It’s not going to be a popular opinion, but I think MTurk has become a danger to sound psychological science. This breaks my heart. MTurk has helped transform my career for the better. Moreover, MTurk participants are amazing: they are primarily diligent and honest folks with a genuine interest in the science they are participating in. Still, I’ve come around to the conclusion that MTurk + current publication practices = very bad science (in many cases). That’s a worrisome conclusion, given that reliance on MTurk is already fairly overwhelming in some subfields of psychology; 40-50% of all manuscripts in top social psych journals include an MTurk sample (Zhou & Fishbach, 2016).
The Theory: MTurk as an accelerant to noise mining
Here’s the problem: MTurk makes running studies so easy that it exacerbates the publication bias problem. There are *so* many researchers running *so many* studies. Yes, you know that–problems with non-naivete are already well-documented with MTurk (Chandler, Mueller, & Paolacci, 2013). But think about this: it is the nature of science that within a particular field its diverse workforce often works on a relatively small set of problems. It is this relatively narrow focus within each field that explains why the history of science is so full of instances of parallel/multiple discovery: https://en.wikipedia.org/wiki/Multiple_discovery.
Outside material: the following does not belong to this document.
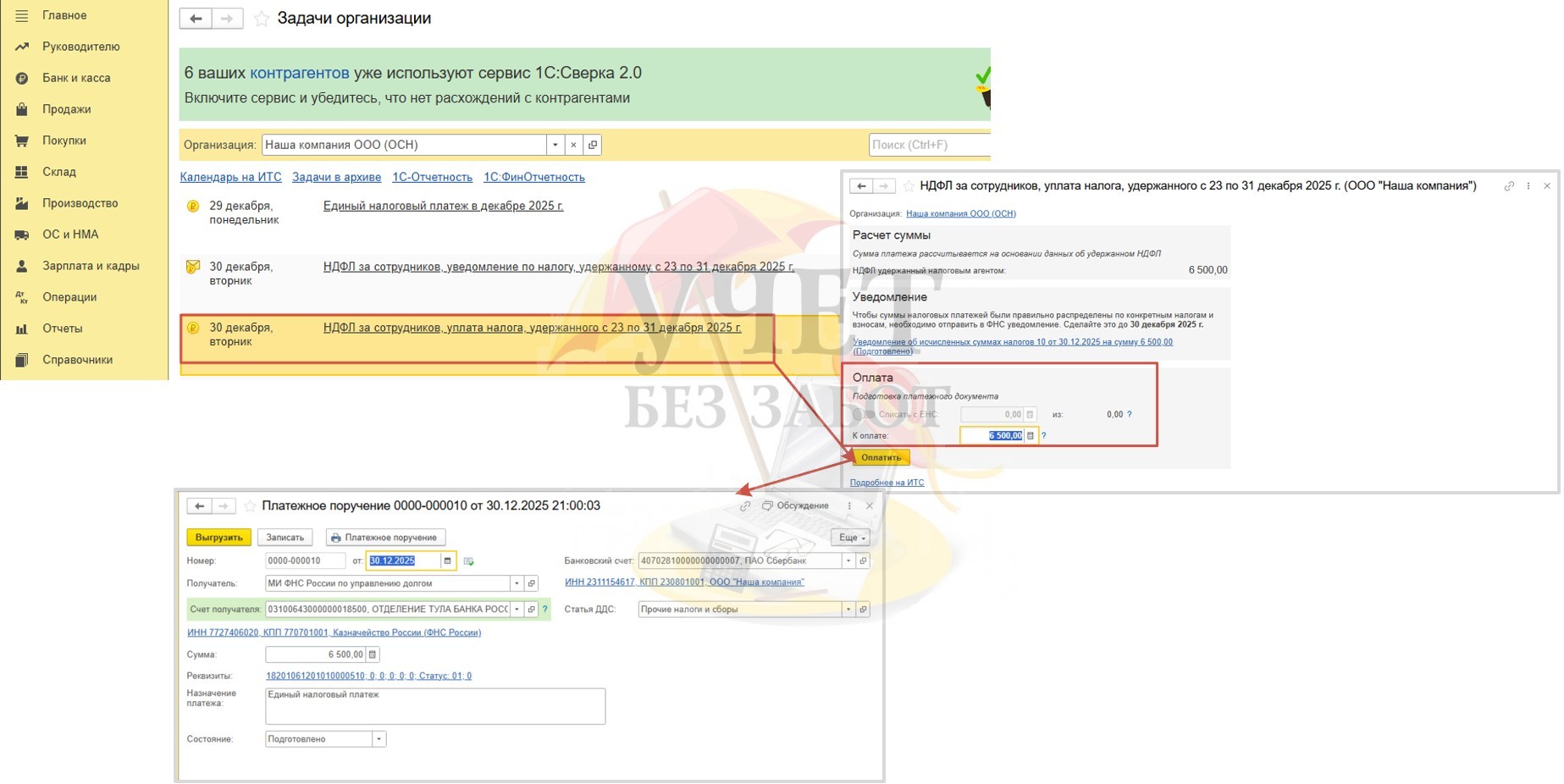 Кроме этого, есть напоминание об уплате НДФЛ, также в срок 30.12.2025. Перейдя по ссылке в пункте «Задачи организации» и воспользовавшись командой «Оплатить», можно сразу создать платежное поручение.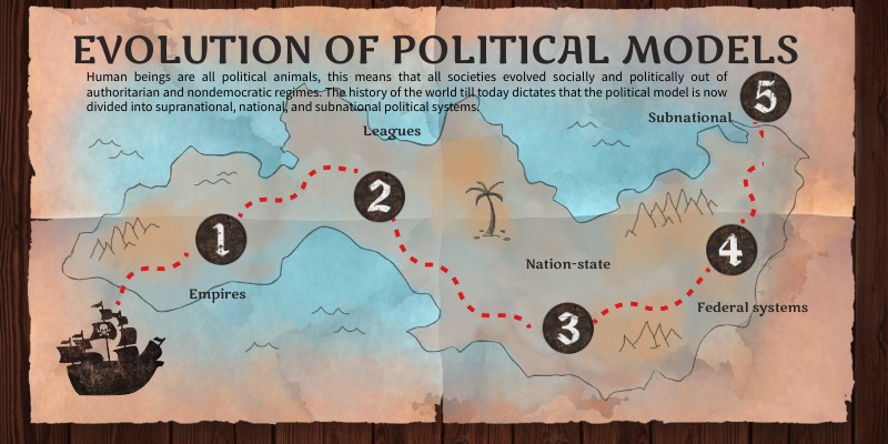 Human beings are all political animals, this means that all societies evolved socially and politically out of authoritarian and nondemocratic regimes. The history of the world till today dictates that the political model is now divided into supranational, national, and subnational political systems.

So it’s not just that lots of people are running lots of studies–it’s that often there are large cohorts of researchers who are unwittingly running essentially the same studies. Then, given our current publication practices, the studies reaching ‘statistical significance’ are published while those that are ‘not significant’ are shelved. That’s a recipe for disaster. And, as Leif Nelson recently pointed out, mining noise in this way is not nearly as inefficient as one might expect (http://datacolada.org/71).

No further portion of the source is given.